A Grain of Sand Called Rojava

There is a moment, somewhere on the road between northern Iraq and Siria, when you cross the Tigris on a pontoon bridge. The river moves slowly beneath the planks, wide and brown, indifferent to the trucks and checkpoints and everything happening on its banks. I had studied this river in primary school, its name printed in textbooks alongside the Euphrates, ancient and distant, the kind of place that belongs to history rather than to the present. And yet here it is, real and unhurried, carrying the same water it always has while the world around it keeps changing.

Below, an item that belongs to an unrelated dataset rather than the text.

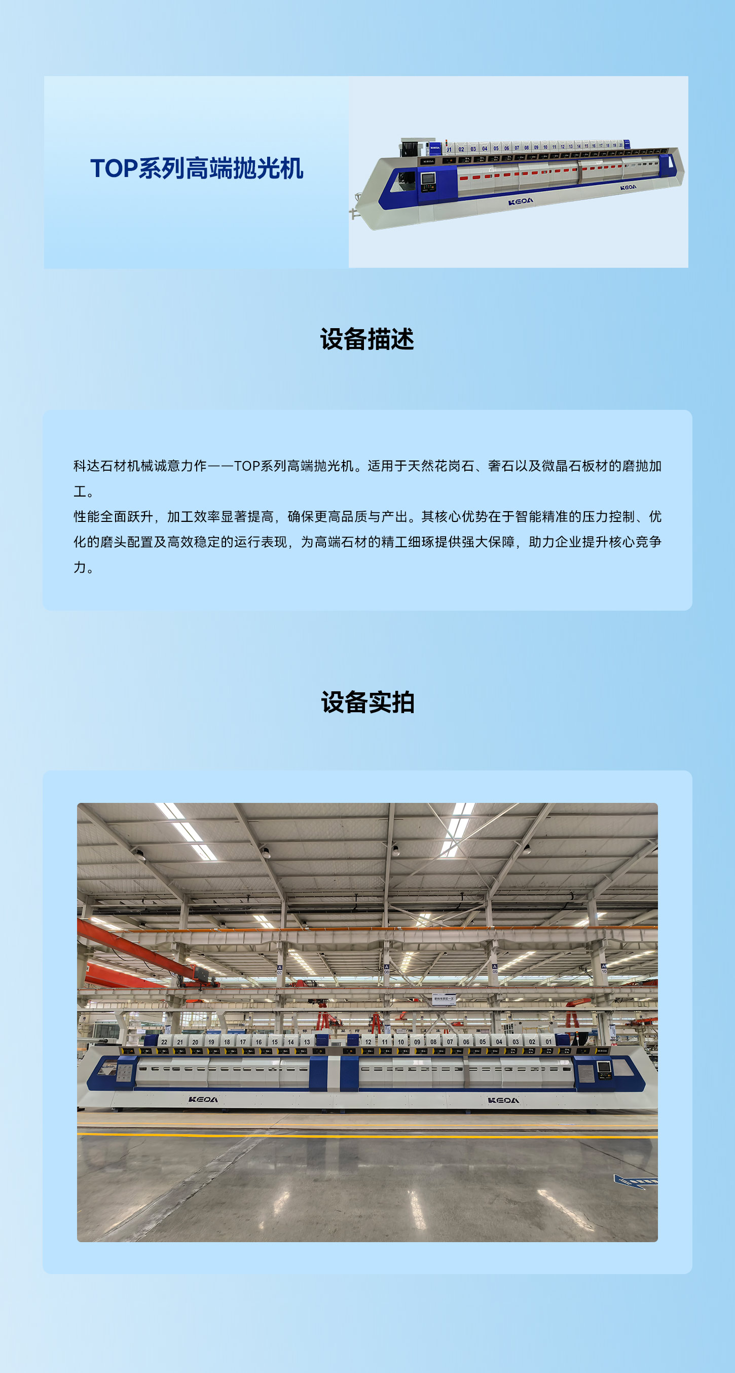 科达石材机械诚意力作——TOP系列高端抛光机。适用于天然花岗石、奢石以及微晶石板材的磨抛加工。 性能全面跃升,加工效率显著提高,确保更高品质与产出。其核心优势在于智能精准的压力控制、优化的磨头配置及高效稳定的运行表现,为高端石材的精工细琢提供强大保障,助力企业提升核心竞争力。

A Mission of Assessment: Listening

I arrived here with Rescue Team APS https://rescueteam.ong for an assessment mission. In the humanitarian world, that word shows up constantly in reports and project proposals, but it means something far simpler: listening. Listening to local first responders, doctors, and families who have been living inside a conflict that the rest of the world has almost stopped watching.

What Is Rojava

The name in Kurdish means simply "west" — the western part of what Kurds call Kurdistan, a land that doesn't exist on any map but stretches across Syria, Iraq, Turkey, and Iran. Here, in northern Syria, Kurdish communities began organizing into forms of local self-governance during the civil war. It is not a state, not a recognized country: it is a fragile autonomous region, suspended between armies, borders, and geopolitical interests far larger than itself.

If the world's wars were a desert, Rojava would be one of those grains of sand that slip through your fingers while everyone is looking somewhere else.

And yet for the people who live here, that grain of sand is everything.

The numbers are always abstract until you see them in person. Dozens of people, sometimes hundreds, crowded into old government buildings that were never designed to house anyone for longer than a few hours. Former administrative offices with their windows blown out, school buildings repurposed into sleeping quarters, concrete structures that were already falling apart before anyone arrived. People have been living in these places for months, sometimes years.

You walk through the corridors and the first thing you notice is how people have tried to make space their own. Curtains hung between one family and the next, a strip of fabric that offers something resembling privacy. Shoes lined up neatly outside a makeshift door. A small shelf with a few objects on it, a phone charger, a photograph, a child's drawing taped to the wall. These small gestures of order in the middle of disorder say something that words cannot quite reach: people do not stop being people just because they have been displaced.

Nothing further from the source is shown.